The second time I saw Black Panther celebrate Black heroes and Black wins, I was in Harlem. I remember kids leaving the Magic Johnson theater kicking the air. They’d seen a movie where the winners looked like us. We watched a movie full of popping cheekbones without fearing that the only one of us in the story might die. We dressed up like a cross between Halloween and Black Thanksgiving. Ankara patterns and head dresses lit up dark theaters.
I remember the first time I started rooting for us on screen. We laced up Grant Hill Filas and hit the block for the 1 o’clock show. It was me, the tall homey Anwar, the stout homey Shapel and a few boxes of beef and broccoli with extra soy sauce that we could sneak in. We heard this was the one where Queen Latifah got gangster. Her character’s name was Cleo, and she sprayed off hella rounds at the end. Jada was in it with the micro-braid bob cut looking bad, so we couldn’t miss that either.
We crunched popcorn and cackled at sex scenes because we weren’t old enough to experience the horndog, nudity-filled comedies of the mid-to-late ’80s. We were virgins to sex scenes on the big screen. In Set It Off, we watched Black women fighting a futile battle for money and power. They had one chance out the hood and couldn’t win, but they tried. We were there for the bank robbery and the fatal results. We didn’t care how bloody it got if we could get the win.
We also went to hear that song from the soundtrack. We’d been requesting it on the video channel The Box all month. Whenever En Vogue’s “Don’t Let Go” played, we hoped for the extended video because it showed a strong, brown back. We understood that back wasn’t for us, but admired the solid, silky strength. So when the scene played, though brief, we drowned in Dawn’s voice. She cried out, “doooon’t let go,” and soon, the song wasn’t about sex anymore.
Black movie soundtracks shuttle us into a scene’s feelings when we most need that. En Vogue turned the Set It Off visuals into a lumpy mound of suspense in our chests. “Know the Ledge” intensified the post-murder party scene in Juice. Toni Braxton crooned heartbreak when love should’ve brought Marcus home in Boomerang. Our memories, family events and life lessons nestle in notes, ready to be relived on replay.
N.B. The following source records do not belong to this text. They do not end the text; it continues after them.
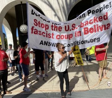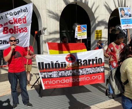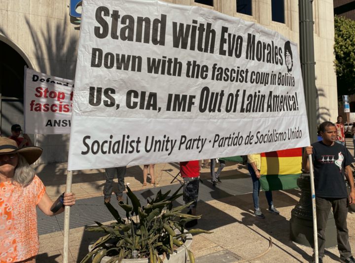 Demonstrators gathered in front of the Bolivian Consulate in Los Angeles on Nov. 16 to denounce the U.S.-backed coup and repression in Bolivia. Signs and banners expressed solidarity with the democratically elected president of Bolivia, Evo Morales.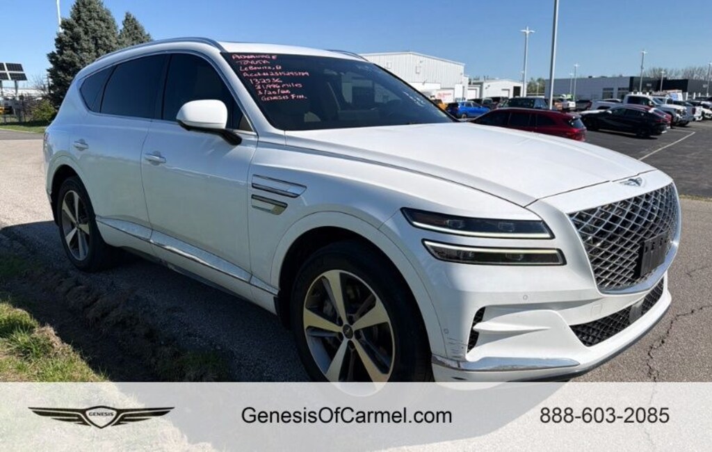 This GV80 is well equipped with Advanced Package (3-Zone Climate Control, Blind-Spot View Monitor, Ergo Motion Driver Seat, Head-Up Display, Heated 2nd Row Seats, Option Group 06, Parking Collision-Avoidance Assist, Power Cushion Extension & Bolster, Radio: AM/FM/SiriusXM/HD Lexicon Prem Audio System, Remote Smart Parking Assist, and Surround View Monitor), Prestige 20" Package, Navigation System, Power moonroof, Wheels: 20" x 8.5J Medium Metallic Gray Alloy, 12 Speakers, 12.3" 3D Digital Instrument Cluster, 2nd Row Vanity Mirrors, 3.909 Axle Ratio, 4-Wheel Disc Brakes, ABS brakes, Adaptive suspension, Air Conditioning, AM/FM radio: SiriusXM, Android Auto & Apple CarPlay, Anti-whiplash front head restraints, Auto High-beam Headlights, Auto tilt-away steering wheel, Auto-dimming door mirrors, Auto-dimming Rear-View mirror, Automatic temperature control, Brake assist, Bumpers: body-color, Compass, Delay-off headlights, Driver door bin, Driver vanity mirror, Dual front impact airbags, Dual front side impact airbags, Electronic Limited Slip Differential, Electronic Stability Control, Emergency communication system: Genesis Connected Services, Exterior Parking Camera Rear, First Aid Kit, Forward Attention Warning, Four wheel independent suspension, Front anti-roll bar, Front Bucket Seats, Front Center Armrest, Front dual zone A/C, Front reading lights, Fully automatic headlights, Garage door transmitter: HomeLink, Genuine wood console insert, Genuine wood dashboard insert, Genuine wood door panel insert, Heated & Ventilated Front Bucket Seats, Heated door mirrors, Heated front seats, Heated steering wheel, Illuminated entry, Knee airbag, Leather Seating Surfaces, Leather steering wheel, Leatherette Seating Surfaces, Low tire pressure warning, Memory seat, Mudguards, Nappa Leather Seating Surfaces, Occupant sensing airbag, Outside temperature display, Overhead airbag, Overhead console, Panic alarm, Passenger door bin, Passenger vanity mirror, Power 2nd Row Outboard Seats, Power Door Closure, Power door mirrors, Power driver seat, Power Liftgate, Power passenger seat, Power Rear Door Shades, Power steering, Power windows, Radio data system, Radio: AM/FM/SiriusXM/HD Audio System, Rain sensing wipers, Rear air conditioning, Rear anti-roll bar, Rear reading lights, Rear seat center armrest, Rear side impact airbag, Rear window defroster, Rear window wiper, Remote keyless entry, Road Active Noise Control, Security system, Speed control, Speed-sensing steering, Speed-Sensitive Wipers, Split folding rear seat, Spoiler, Steering wheel memory, Steering wheel mounted audio controls, Suede Headliner, Tachometer, Telescoping steering wheel, Tilt steering wheel, Traction control, Trip computer, Turn signal indicator mirrors, Variably intermittent wipers, Ventilated 2nd Row Outboard Seats, and Ventilated front seats.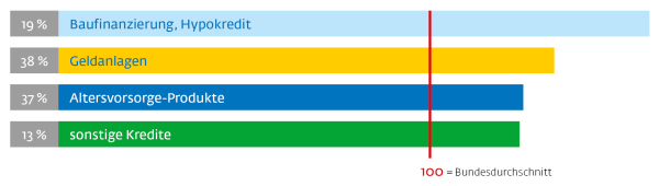 Neben der eigenen Recherche zu Finanzthemen, wenden sie sich gerne an Fachleute. Hier noch einige Statements zum Thema Geldanlage und Versicherungen (Zustimmung voll und ganz/eher in %; Index 100 = Bundesdurchschnitt):

The Black Panther soundtrack curates the experience of family love through conflict. Killmonger loves his nation for its promise. T’Challa loves his nation for its people. They’re at odds like we often are: forced to choose between chaotic freedom and orderly misery. Kendrick Lamar knew how to transport us into the world of the movie’s embattled sound. With verbal swords slicing, and the TDE crew at his side, Lamar’s album stands up to the film’s grandeur. He blends homegrown Compton rebelliousness with Afro-Futurist dreams of a return to roots. Beyond that thematic consistency, the soundtrack outdoes its precursors, too.
For a Black movie soundtrack to stand out, it has to hit on three cylinders. The soundtrack and the movie each need to reach equal heights on their own. Check.
The movie Black Panther grossed $631 million in the U.S. and over $1 billion at the international box office in a month. The soundtrack had three Billboard Hot 100-charting hits in “Pray for Me,” “All the Stars” and “King’s Dead.”
The soundtrack has to feature songs that match the mood and plot of the film. Check. “King’s Dead” delights in the power transfer from stately T’Challa to militant Killmonger. Future, Jay Rock and Kendrick trade trampling verses over dark bells tolling. Miss them with the bullshit of noble leaders and honor among thieves. The trio only wants to destroy ideals and live on top. “All the Stars” imagines a sovereign Black future with SZA’s call to launch into an unknown cosmos fit for us.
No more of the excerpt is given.